Aim To model optimum proportions of dual-crewed ambulances (DCAs) and rapid-response vehicles (RRVs) in Ambulance Trusts with a view to generating a policy brief for one Ambulance Trust and a modelling tool for other Trusts on the strategic procurement and allocation of emergency vehicle (EV) resources.

Methods Historical EV assignments for 12 months of emergency calls in 2019 were provided by an NHS Ambulance Trust and analysed for backup, see and treat, and patient to hospital conveyance. Unit costs were derived for paramedics and technicians using Agenda for Change pay rates. Time cycles were assigned for RRV and DCA attendances and unit costs assigned to these. Information was put into a decision analytical model to estimate the costs and numbers of vehicles attending incidents based on relative proportions of available RRVs and DCAs.

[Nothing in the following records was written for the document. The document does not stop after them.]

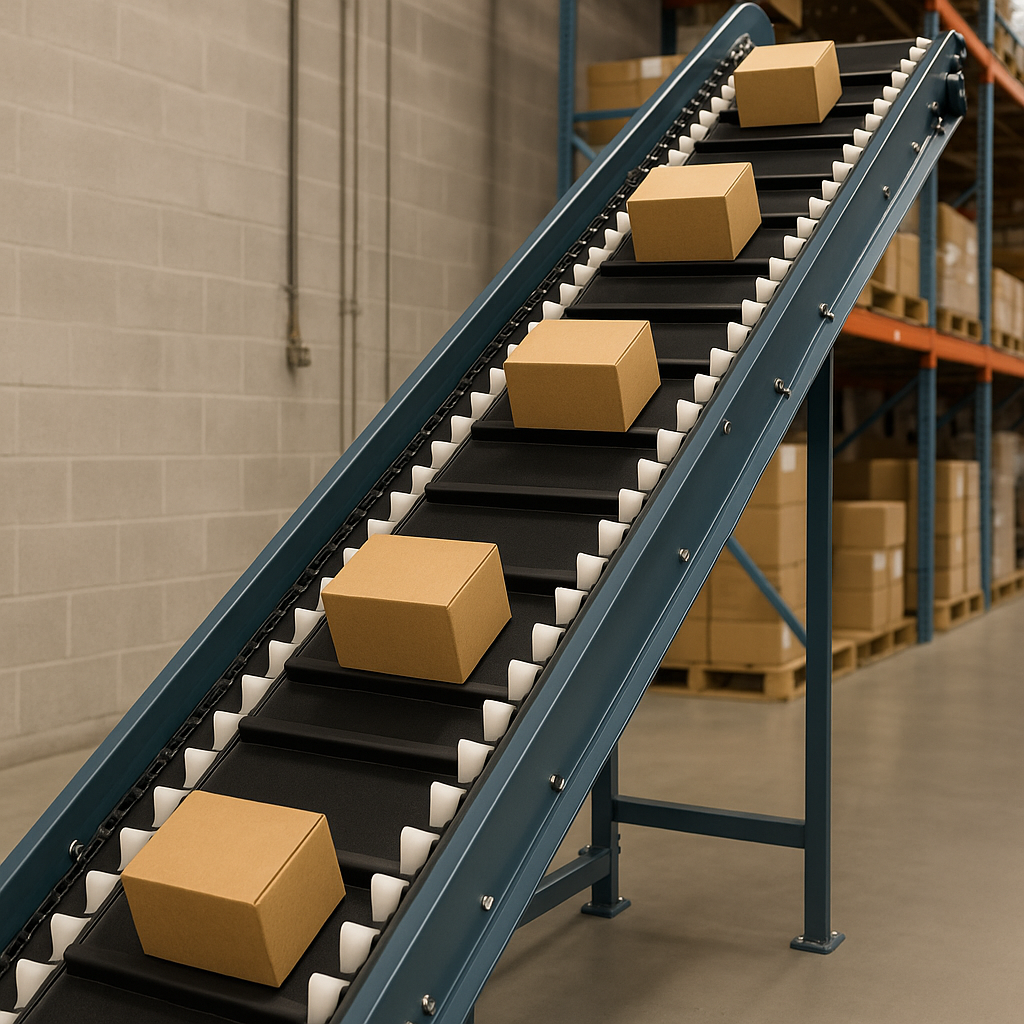 Incline and decline belts move products between different floor levels. To prevent items from slipping, they often feature a high-friction surface or cleats. This ensures your products move safely up or down.
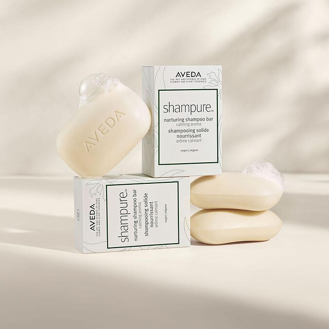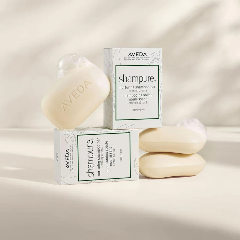 2021年AVEDA限量推出第一款洗髮皂「地球月限定經典純香皂」,運用了海甘藍油讓髮絲維持長時間輕盈柔順,溫和成分來自94%天然成分萃取,無添加介面活性劑及矽靈,並且散發花植經典香氣。輕巧的肥皂降低了塑膠的使用,且包裝紙盒來自100%回收再製FSC認證回收材質。用心的設計,可省下2頓塑膠原料,相當於18萬支寶特瓶的重量,讓美麗不留痕跡。
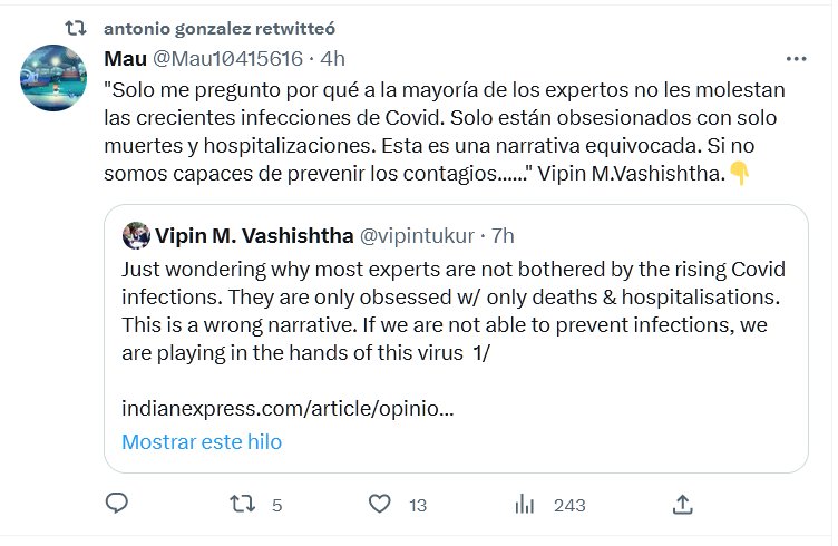 «Solo me pregunto por qué a la mayoría de los expertos no les molestan las crecientes infecciones de Covid. Solo están obsesionados con solo muertes y hospitalizaciones. Esta es una narrativa equivocada. Si no somos capaces de prevenir los contagios……» Vipin M.Vashishtha
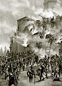 From the late 18th century, Russia actively started to increase its enroachments into Iranian and Turkish territory to the south. Following the annexation of eastern Georgia in 1801, Russia was now keen to conquer the rest of the Iranian possessions in the Caucasus. Russian expansion into the South Caucasus met particularly strong opposition in Ganja. In 1804, the Russians, led by General Pavel Tsitsianov, invaded and sacked Ganja, sparking the Russo-Persian War of 1804–1813.[23] Some western sources assert that "the capture of the city was followed by a massacre of up to 3,000 inhabitants of Ganja by the Russians".[24] They also claim that "500 of them were slaughtered in a mosque where they had taken refuge, after an Armenian apprised the Russians that there might have been 'Daghestani robbers' among them".[25]
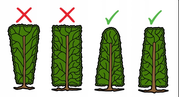 Изгородь из самшита мы подрезаем под углом (первые две фотографии справа отмечены зеленой галочкой вверху) почему - потому что растение, стоящее вертикально, нужно подрезать под углом, чтобы свет доходил повсюду, иначе он не везде будет так хорошо развиваться, у него будет меньше листьев внизу.
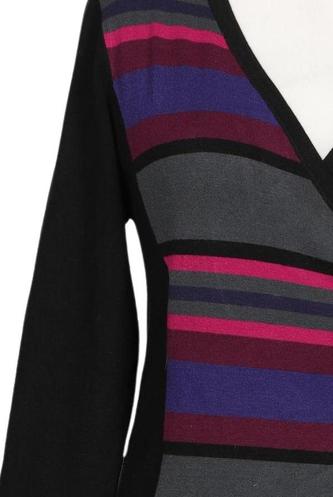 | Détails | Grosse maille, Manches trois-quarts, Encolure en V, Rayures |

Results Of 711 992 calls attended by 837 107 EVs, 514 766 (72.3%) required at least one emergency department conveyance. The rate of conveyance was significantly lower when RRVs arrived first on the scene. 27 883 out of 529 693 (5.3%) DCAs first arriving at an incident required some backup, and this was also factored into the model. Modelling demonstrated high conveyance rates were counterproductive when increasing the relative proportions of RRVs to DCAs. For example, with conveyance rates of 65%, increasing the RRVs increased the cost and numbers of vehicles attending per incident. At lower conveyance rates, however, there was a levelling around 30% where it could become cost-effective to increase the relative proportions of RRVs to DCAs.

Conclusion At current overall conveyance rates, there is no benefit in increasing the relative proportions of RRVs to DCAs unless additional benefits can be realised that bring the conveyance rates down.

  • emergency ambulance systems
  • emergency responders
  • costs and cost analysis
  • cost efficiency

Data availability statement

Data may be obtained from a third party and are not publicly available.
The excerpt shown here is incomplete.